Vow

Early in this practice period, I’m struck by the strangeness of vow.  How it can be clear in my heart that I want to do it, while at the same time resistance rises and is heavy in my chest.  I vow to write and yet feel that there is nothing to say.  Vow is intention but more.  A promise.  It is clear that I want to follow through.  To live in vow.

I remember the men’s group I was part of so many years ago.  None of us could handle commitment very well.  Finally one day, one man said he’d realized that a vow isn’t something you speak once and you’re done.  He said he’d come to see you have to repeat that vow daily, in every moment really.  Somehow that made it easier.  Like alcoholics who say they don’t have to stop drinking forever, just for one moment, one day.  And that is how they can do it for 50 years.  It’s easier in one way to conceive of in that way.  But though it is easier, it’s a bait and switch, because it actually makes it harder.  But in that group all those years ago, it made it easier for all of us.  He was married shortly after his realization, and the other 4 of were also married within the year.  All of us.

One utters vow, and everything changes.  it can feel like a cage, like a cell.  At the same time vow saves me, keeps me on the path, holds me accountable. 

And sometimes vow is silent, unknown, something silent I don’t even realize.  Jung said that people with addictions were looking for god or spirit in the bottle or the drug, and had to see what they were truly looking for.  Or as David Foster Wallace put it so well, you’re going to worship something or someone, so you might as well be aware who you’re choosing to worship.  And good old Bob Dylan comes to mind here too, with his “You’re going to have to serve somebody.”  So it occurs to me that we all serve make some vow, observe it.  I would like to be clear to myself what it is.  At times in my life it has been to get by with as little work, suffering, conflict or pain as possible.  Or to get as much money or sex or praise as possible.  Or to run from fear.  I have lived in those vows.  So I might as well choose what vow I will live in.

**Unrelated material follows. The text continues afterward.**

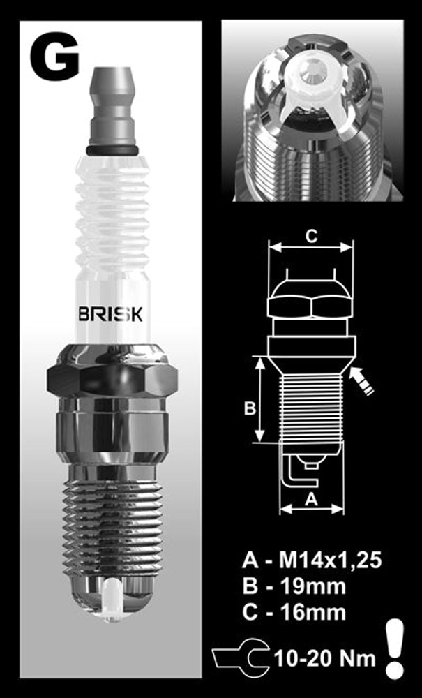 Brisk Premium Racing Spark Plugs LGS have unique multi ground electrode design and a silver core giving an outstanding performance in igniting over reach mixture associated with tuned performance engines.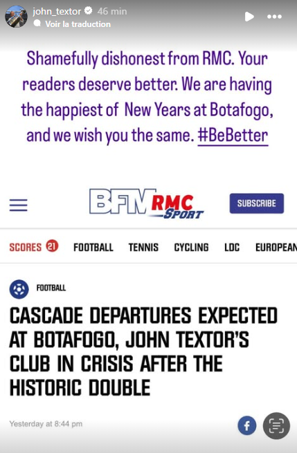John Textor souhaite une bonne année à @RMCsport (Instagram du propriétaire l'OL)

And this vow, this one I’m working on during this practice period, to get a daily writing practice going again.  Instead I hem and haw, avoid writing, or sit and my mind goes blank.  I come out of the tub overflowing with ideas and thoughts to put down, and simply don’t.  So perhaps I need to make this vow more visible, more public, like the public proclamation that was one meaning of a koan.  And sometimes the craziest ideas, the craziest vows are the best ones.  So I vow here and now to write daily, it may be one sentence or one haiku, or a long rant like this.  But I will write and post it, put it out in the world.  That may be just enough to overcome my inertia.  To put myself in a position of having to follow through.  Years ago when i was first starting out with zazen practice, I signed up to be a doan, one who opens the zendo, keeps time and leads the chanting.  Because it was a way to trick myself, to be sure I’d be there at least on that day to sit regardless.  I trick myself or rationalize things all the time to NOT have to do them.  Why not do it now as a way to do them.  And it takes fear, pride, avoidance, laziness–everything else out of the equation.  Just make the vow and do it.  Emotion is removed.  Or at least neutralized.  Vow is purified activity.